**Material for the task**
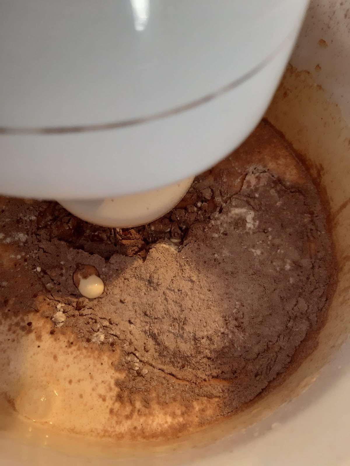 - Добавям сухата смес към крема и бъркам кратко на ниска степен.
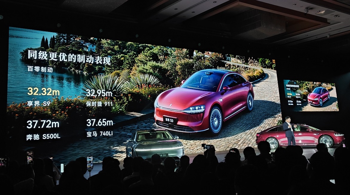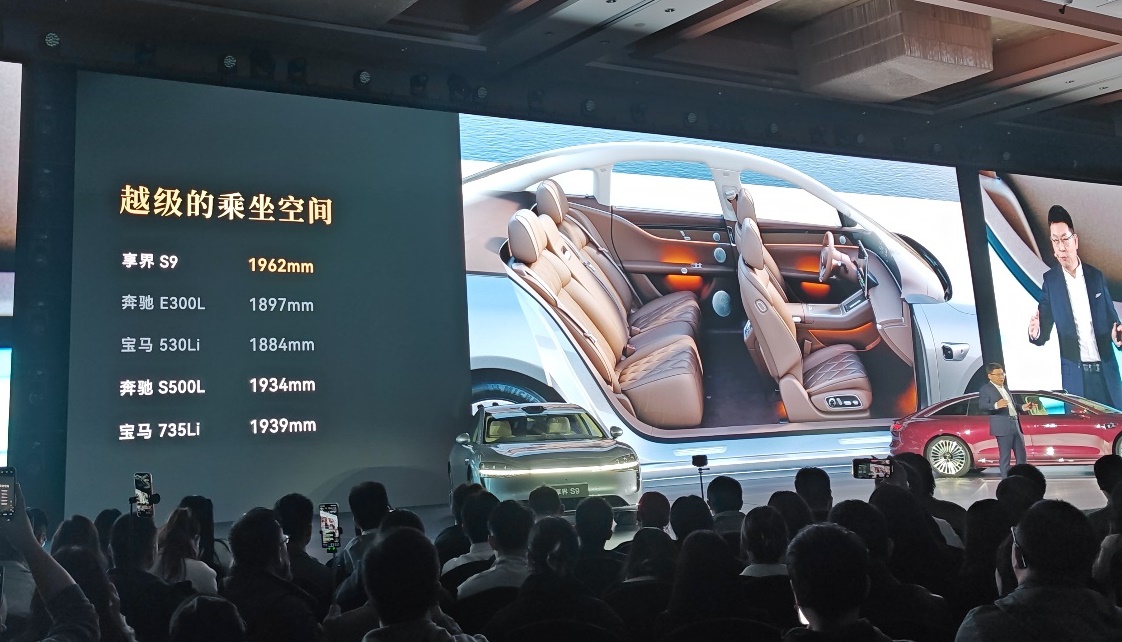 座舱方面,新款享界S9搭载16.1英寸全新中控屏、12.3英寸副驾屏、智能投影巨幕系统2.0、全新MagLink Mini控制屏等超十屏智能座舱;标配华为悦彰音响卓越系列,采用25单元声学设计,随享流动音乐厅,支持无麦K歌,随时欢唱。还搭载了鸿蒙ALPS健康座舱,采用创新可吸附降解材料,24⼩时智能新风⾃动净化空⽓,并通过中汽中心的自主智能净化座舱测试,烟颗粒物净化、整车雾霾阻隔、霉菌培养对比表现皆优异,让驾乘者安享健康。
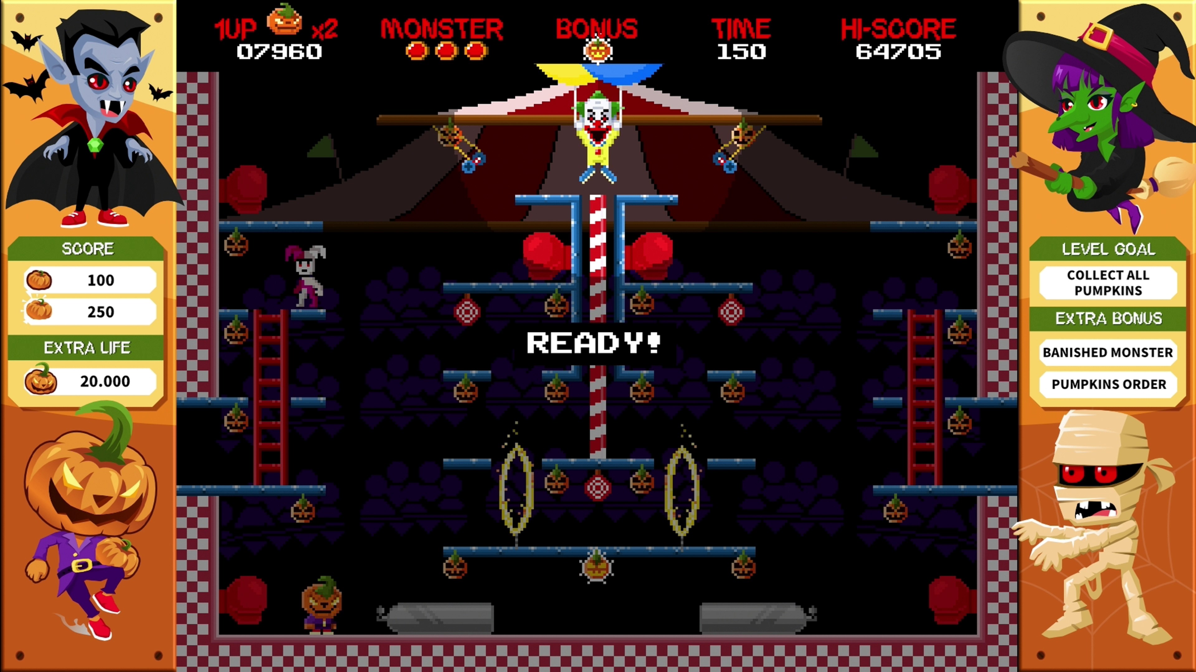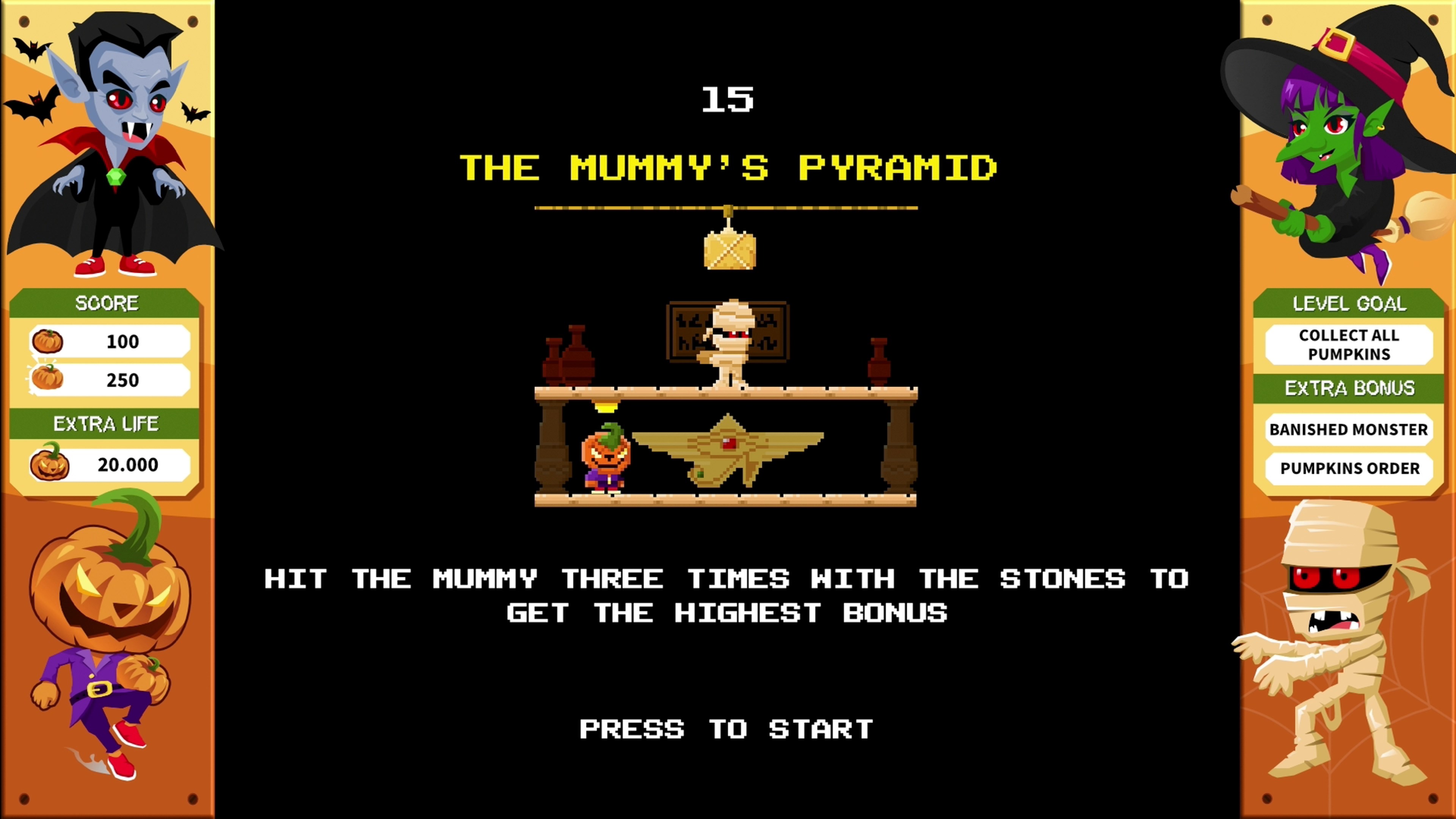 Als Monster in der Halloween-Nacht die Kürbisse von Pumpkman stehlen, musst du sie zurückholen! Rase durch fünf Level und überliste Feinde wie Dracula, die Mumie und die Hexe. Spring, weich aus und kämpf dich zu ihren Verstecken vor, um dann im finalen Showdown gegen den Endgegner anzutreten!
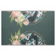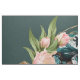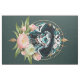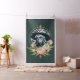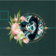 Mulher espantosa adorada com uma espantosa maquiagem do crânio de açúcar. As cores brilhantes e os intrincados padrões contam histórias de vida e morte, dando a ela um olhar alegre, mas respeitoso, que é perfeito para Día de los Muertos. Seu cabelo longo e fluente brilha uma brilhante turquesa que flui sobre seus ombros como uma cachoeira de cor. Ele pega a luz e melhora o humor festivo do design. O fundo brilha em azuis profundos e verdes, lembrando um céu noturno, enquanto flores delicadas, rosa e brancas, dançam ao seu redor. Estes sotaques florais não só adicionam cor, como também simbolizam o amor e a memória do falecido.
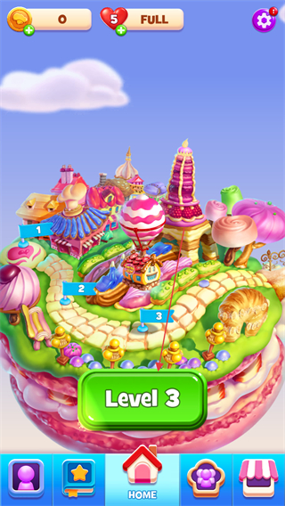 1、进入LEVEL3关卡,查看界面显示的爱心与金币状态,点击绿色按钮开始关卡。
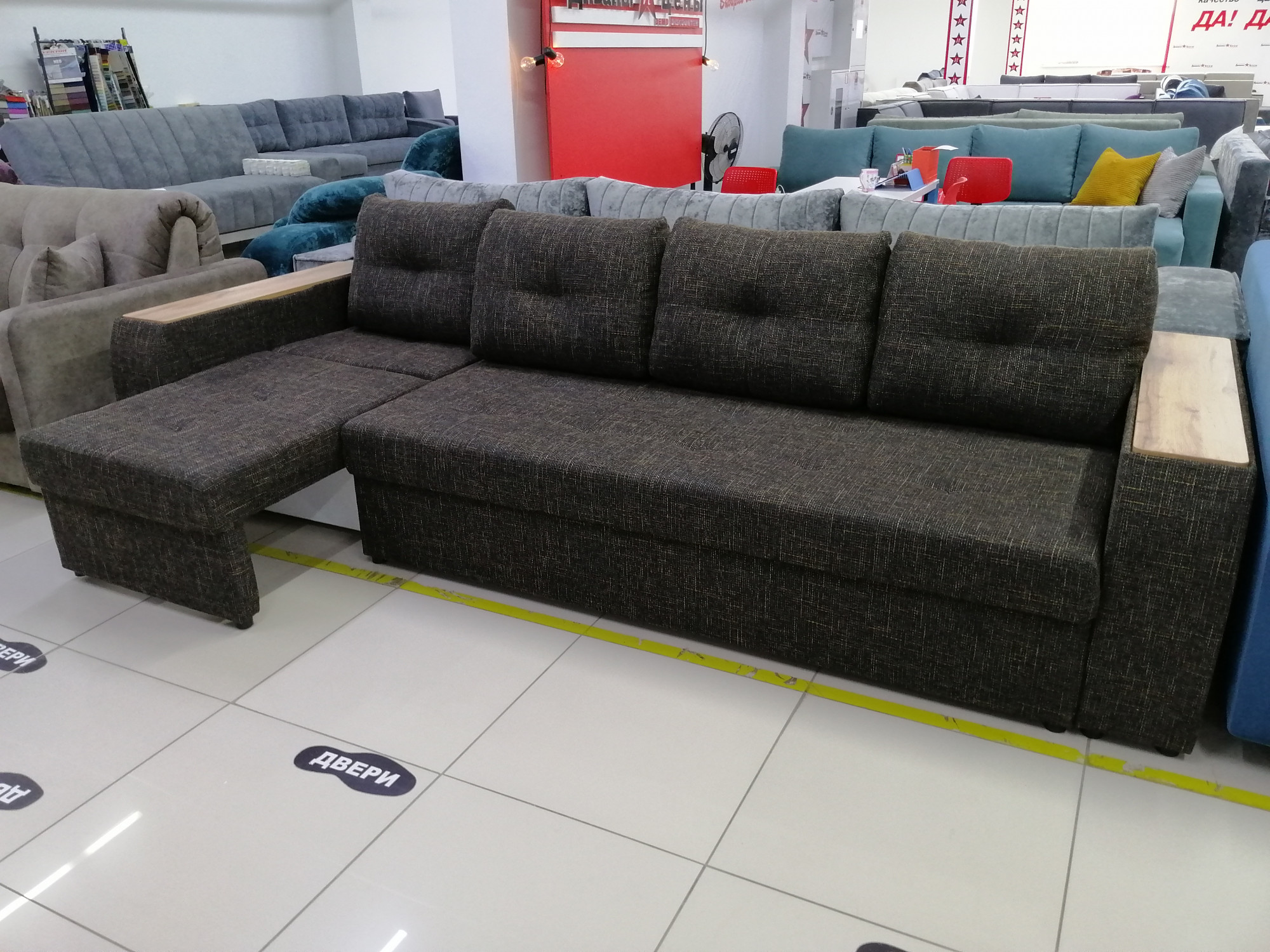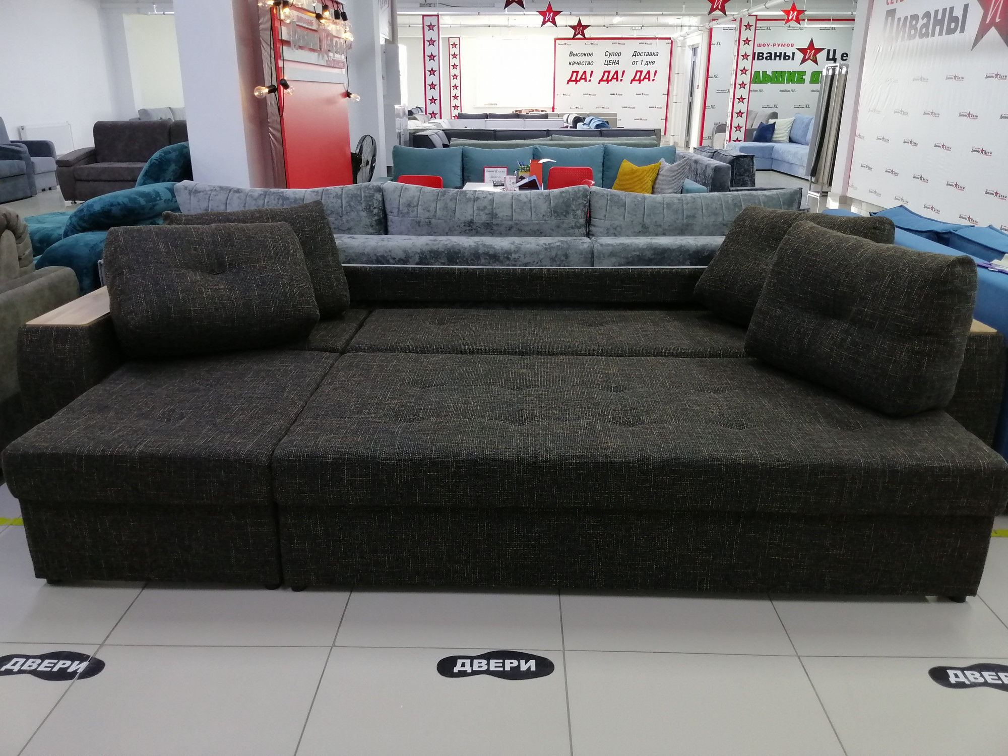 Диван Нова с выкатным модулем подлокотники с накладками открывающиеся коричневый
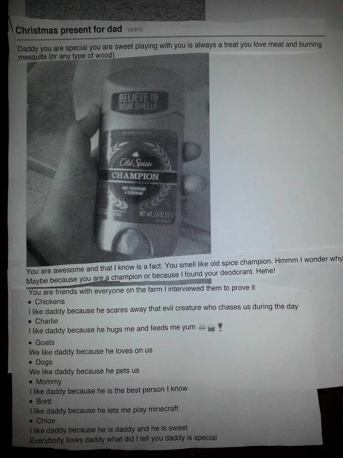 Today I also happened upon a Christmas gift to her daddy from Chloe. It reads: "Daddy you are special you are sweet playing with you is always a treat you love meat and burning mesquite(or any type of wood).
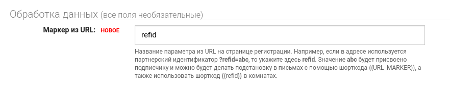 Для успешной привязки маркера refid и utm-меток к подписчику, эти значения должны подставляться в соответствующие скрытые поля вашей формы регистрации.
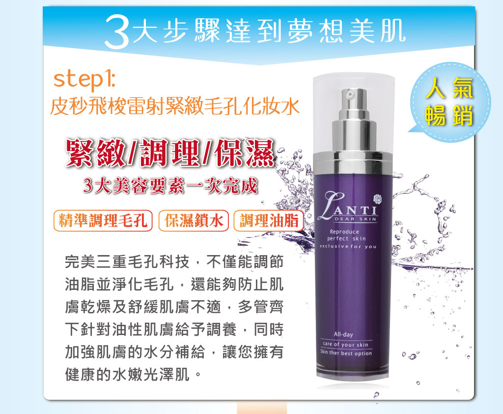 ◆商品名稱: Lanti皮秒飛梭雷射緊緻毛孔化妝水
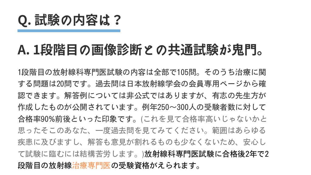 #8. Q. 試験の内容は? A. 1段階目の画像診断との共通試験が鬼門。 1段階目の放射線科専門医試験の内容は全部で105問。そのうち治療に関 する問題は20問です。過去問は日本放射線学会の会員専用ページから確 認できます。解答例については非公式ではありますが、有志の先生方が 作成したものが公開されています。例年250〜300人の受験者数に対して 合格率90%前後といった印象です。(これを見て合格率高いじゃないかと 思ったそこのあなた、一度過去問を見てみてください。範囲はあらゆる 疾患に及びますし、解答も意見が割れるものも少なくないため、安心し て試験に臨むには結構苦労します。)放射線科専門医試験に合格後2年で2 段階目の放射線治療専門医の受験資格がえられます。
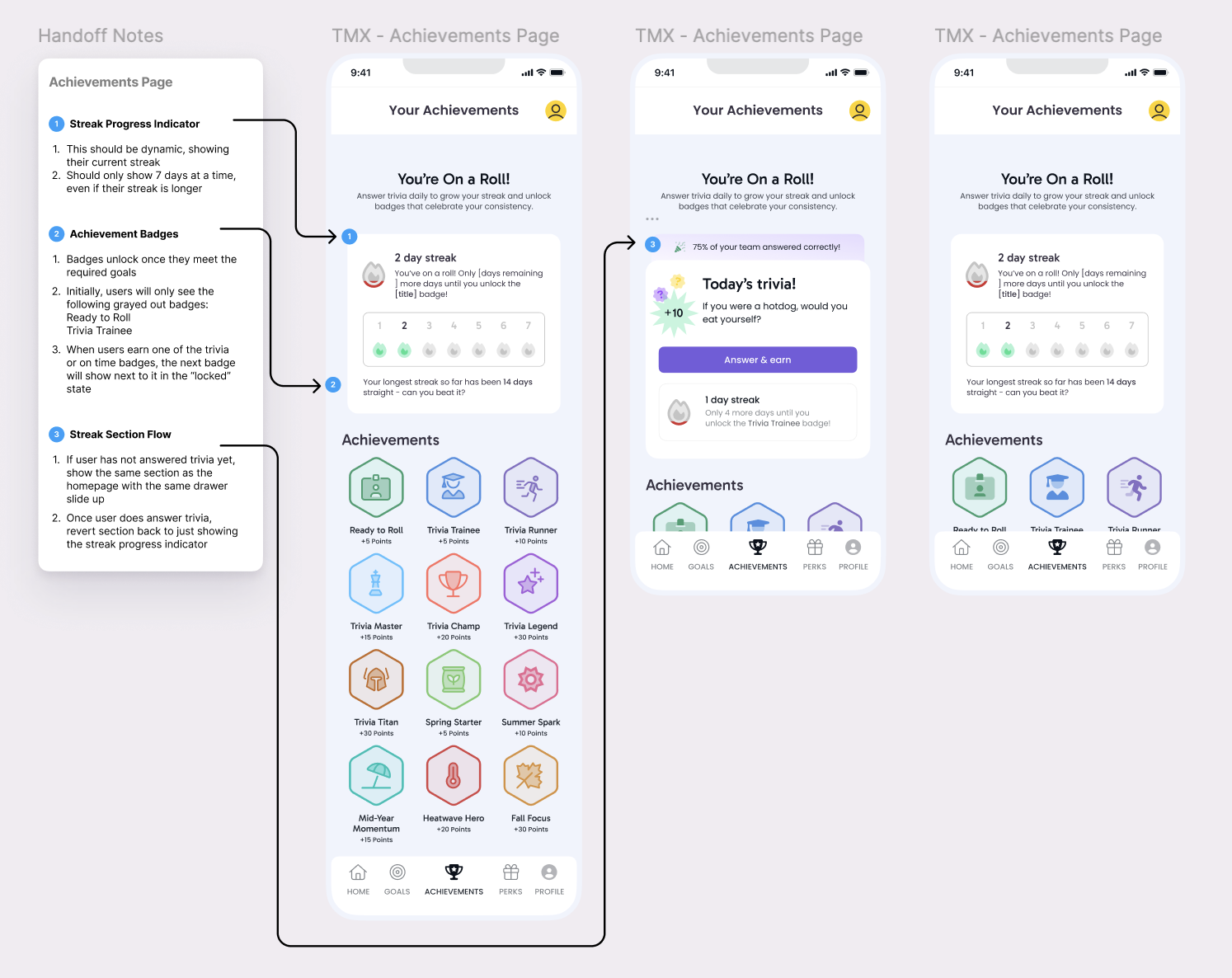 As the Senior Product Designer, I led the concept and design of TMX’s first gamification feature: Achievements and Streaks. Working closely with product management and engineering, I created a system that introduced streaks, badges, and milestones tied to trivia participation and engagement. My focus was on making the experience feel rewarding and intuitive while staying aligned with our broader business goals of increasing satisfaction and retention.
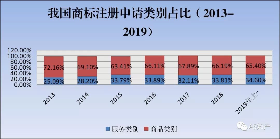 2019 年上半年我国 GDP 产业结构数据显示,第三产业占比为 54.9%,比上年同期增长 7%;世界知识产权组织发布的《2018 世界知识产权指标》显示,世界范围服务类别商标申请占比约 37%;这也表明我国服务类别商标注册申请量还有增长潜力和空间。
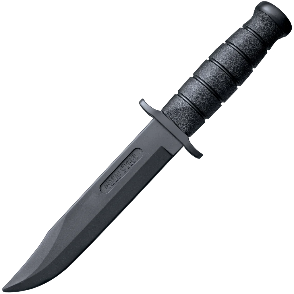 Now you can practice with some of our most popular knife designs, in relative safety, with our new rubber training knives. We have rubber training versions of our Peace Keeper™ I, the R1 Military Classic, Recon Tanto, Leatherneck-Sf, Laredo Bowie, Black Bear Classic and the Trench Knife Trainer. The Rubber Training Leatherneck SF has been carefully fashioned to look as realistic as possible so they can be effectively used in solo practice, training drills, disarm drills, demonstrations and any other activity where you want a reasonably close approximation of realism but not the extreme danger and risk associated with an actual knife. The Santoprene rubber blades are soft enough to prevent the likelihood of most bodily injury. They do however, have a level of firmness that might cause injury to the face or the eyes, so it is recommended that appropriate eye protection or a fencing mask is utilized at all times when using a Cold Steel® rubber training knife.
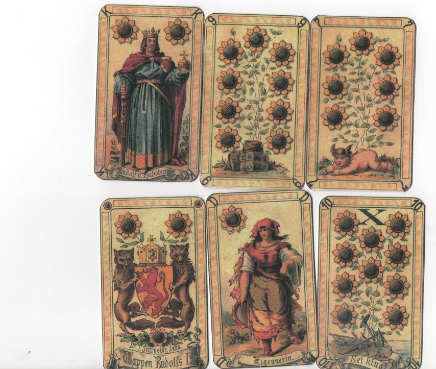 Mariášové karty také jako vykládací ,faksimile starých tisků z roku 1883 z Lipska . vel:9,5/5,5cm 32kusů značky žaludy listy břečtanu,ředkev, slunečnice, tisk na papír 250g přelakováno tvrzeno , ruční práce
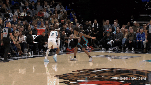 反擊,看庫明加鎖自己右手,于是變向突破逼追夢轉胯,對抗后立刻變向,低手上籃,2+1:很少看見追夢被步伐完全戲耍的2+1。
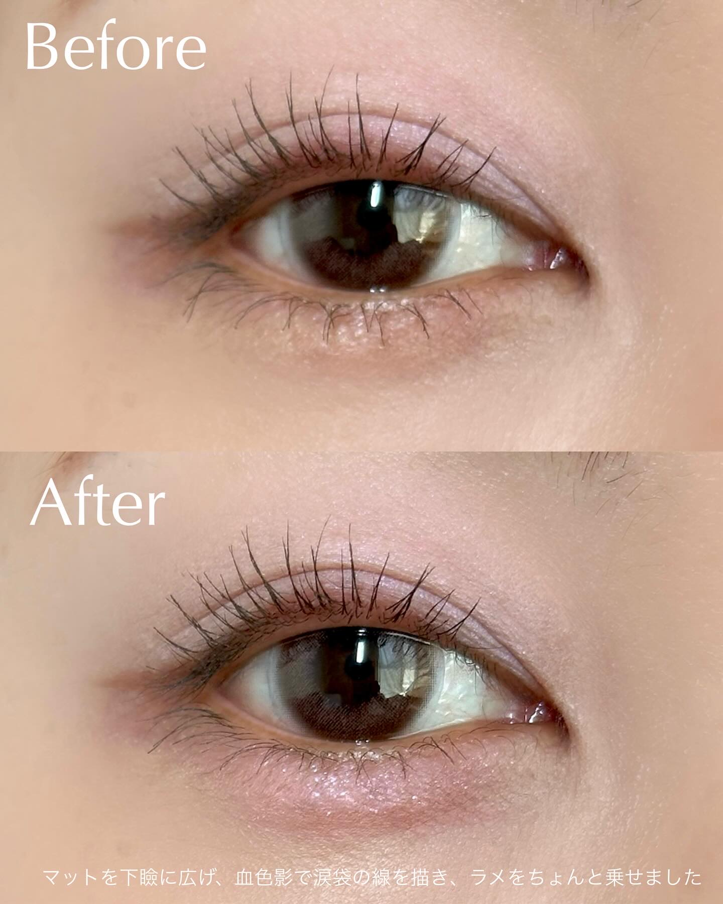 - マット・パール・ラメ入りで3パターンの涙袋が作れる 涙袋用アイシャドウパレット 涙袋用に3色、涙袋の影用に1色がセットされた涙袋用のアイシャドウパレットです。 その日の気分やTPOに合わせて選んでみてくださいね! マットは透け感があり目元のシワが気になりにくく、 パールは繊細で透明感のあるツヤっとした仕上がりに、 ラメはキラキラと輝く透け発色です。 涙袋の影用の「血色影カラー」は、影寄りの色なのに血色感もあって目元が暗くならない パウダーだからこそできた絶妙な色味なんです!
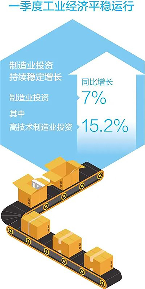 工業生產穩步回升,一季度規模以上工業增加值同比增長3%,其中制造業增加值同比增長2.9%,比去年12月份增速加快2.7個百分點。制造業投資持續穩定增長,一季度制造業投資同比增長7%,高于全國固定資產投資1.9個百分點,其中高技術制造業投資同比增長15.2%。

**What you should do**
Exercise for the records above: copy only the lines from the one with "座舱方面,新款享界S9搭载1" to the one with "Als Monster in", both ends kept, and drop the pictures.

**Written response**
 座舱方面,新款享界S9搭载16.1英寸全新中控屏、12.3英寸副驾屏、智能投影巨幕系统2.0、全新MagLink Mini控制屏等超十屏智能座舱;标配华为悦彰音响卓越系列,采用25单元声学设计,随享流动音乐厅,支持无麦K歌,随时欢唱。还搭载了鸿蒙ALPS健康座舱,采用创新可吸附降解材料,24⼩时智能新风⾃动净化空⽓,并通过中汽中心的自主智能净化座舱测试,烟颗粒物净化、整车雾霾阻隔、霉菌培养对比表现皆优异,让驾乘者安享健康。
 Als Monster in der Halloween-Nacht die Kürbisse von Pumpkman stehlen, musst du sie zurückholen! Rase durch fünf Level und überliste Feinde wie Dracula, die Mumie und die Hexe. Spring, weich aus und kämpf dich zu ihren Verstecken vor, um dann im finalen Showdown gegen den Endgegner anzutreten!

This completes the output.